From 2022, the Oscars will feature ‘Best’, ‘More Best’ and ‘Bestest’ awards in each category.
2. More categories
Currently, the Oscars has relatively few categories, with the most famous being Best Picture, Best Actor and Best Makeup and Hairstyling – something which the Academy now describes as ‘a schoolboy error’.
‘It was too limiting,’ said Board-Treader. ‘I mean look at the way drinks competitions adapt their categories so they can give out awards for literally anything that comes in. ‘Best Hungarian Pinot Noir under £10’ ‘Best Spelling mistake on a Back Label’, ‘Best Pork Barrel Finished Single Malt’.’

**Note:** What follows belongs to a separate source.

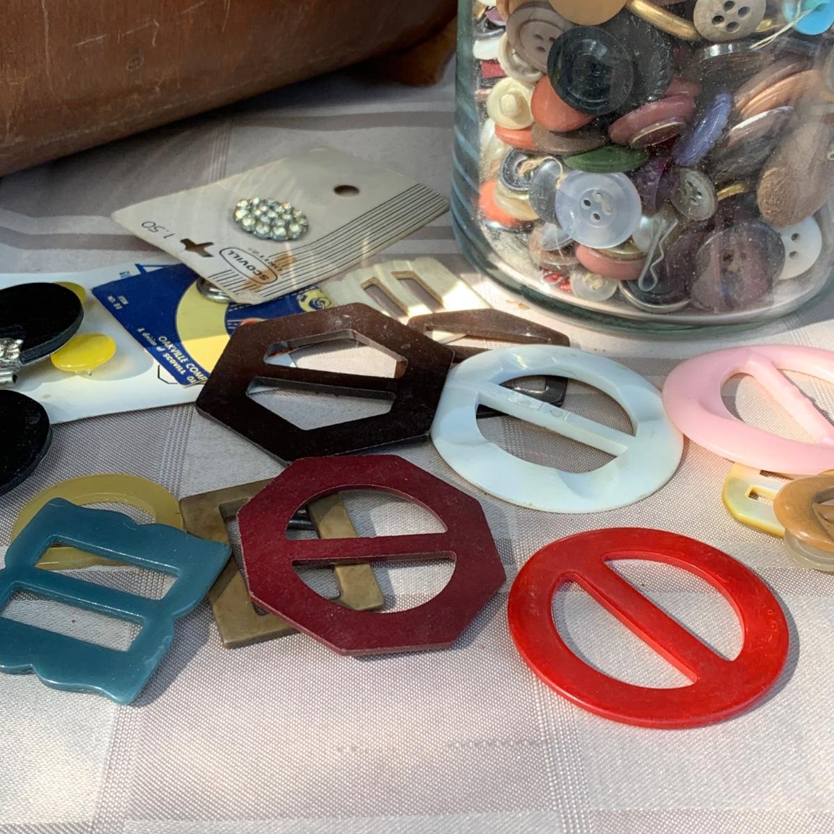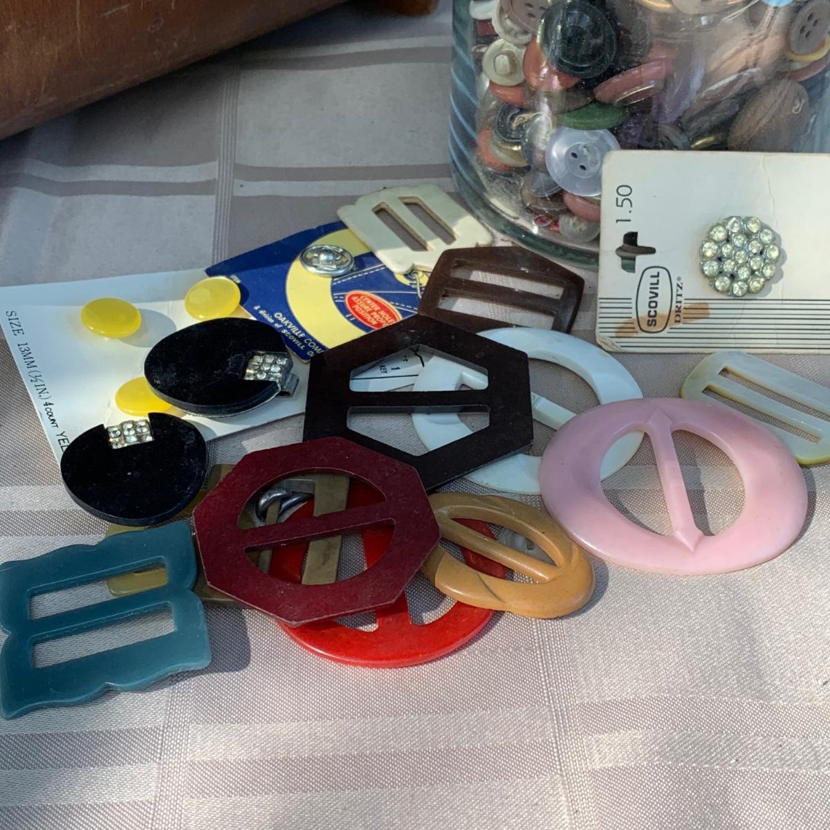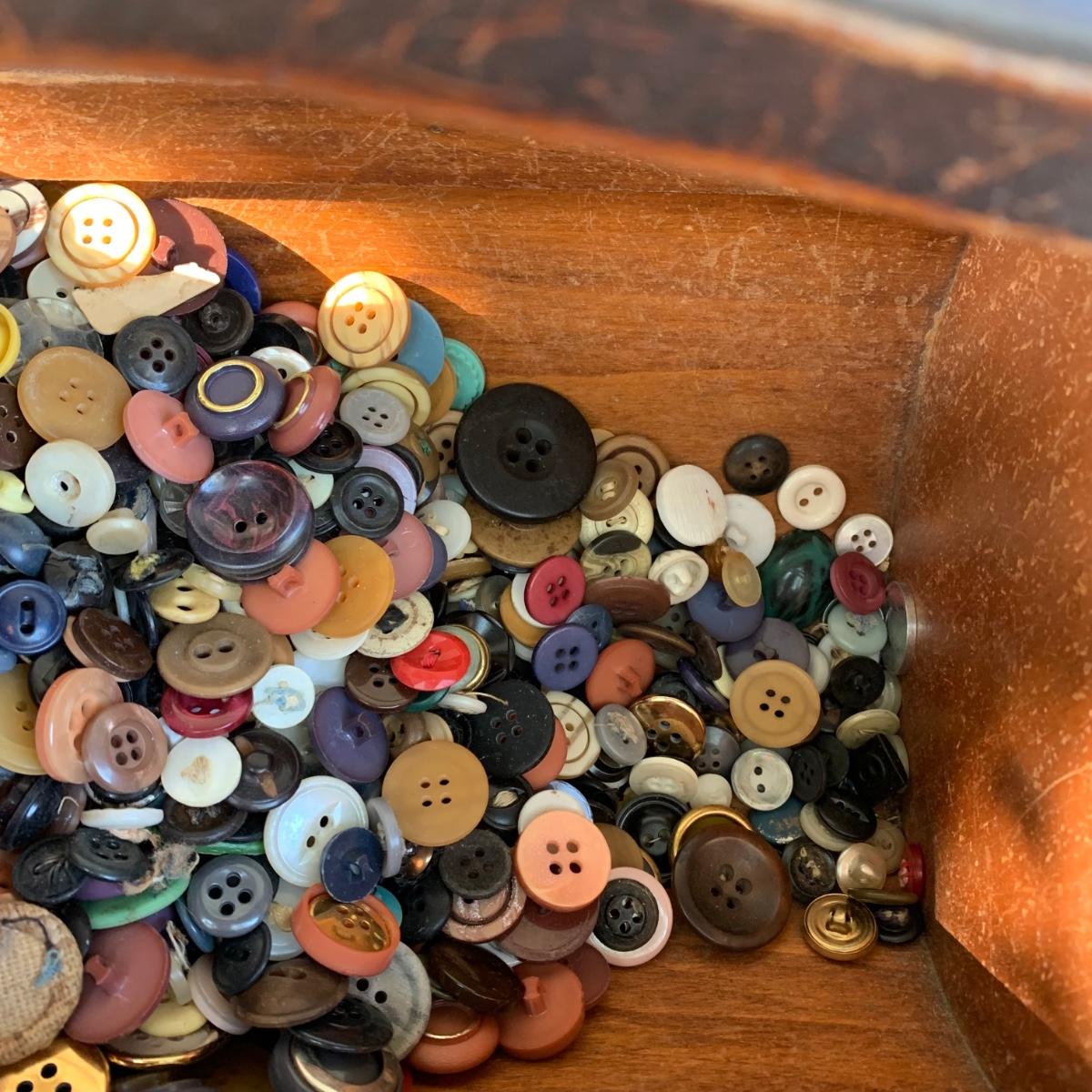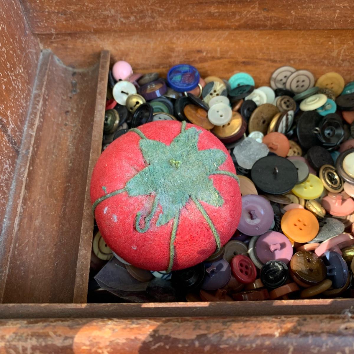 LOT 92R: Vintage Wooden Sewing Box Filled w/Buttons, Jar of Buttons & Belt Slides/Buckles

From 2022, the Academy says it will ‘slightly increase’ the number of awards categories from 23 to 156. Rumours suggest these could include ‘Most Vowels in a Film Title’, ‘Most Tediously Virtuous Plotline’ and ‘Most Vociferous Denial of Sexual or Racial Impropriety During Filming’.
3. Charging to enter
Thus far, films pay nothing to enter the Oscars – something which the Academy now admits was ‘a schoolboy error’.
‘If we’ve learned one thing from drinks competitions, it’s that the way to guarantee quality of entries is to charge people to take part,’ said Board-Treader. ‘It keeps out the annoying small producers and lets the big guys take centre stage where they belong.
‘That’s why we’ve had loads of turkeys picking up Oscars, but no crap drink has ever won a medal in a booze competition.’
4. More discretionary awards
As well as more categories, Board-Treader has said the Academy is looking at introducing more discretionary awards.
‘Everyone loves stuff handed out at random with no real thought or structured judging process,’ he said. ‘And the drinks world does this brilliantly.
‘Their message – that if you hang around long enough you’ll be rewarded simply for not moving on or dying – is truly inspirational.’
Slightly longer
With the new categories, increased winners and extra discretionary awards, the Academy estimates that the Oscars ceremony might take slightly longer next year than it’s usual three hours.
‘We’re looking at about 12 hours,’ said Board-Treader.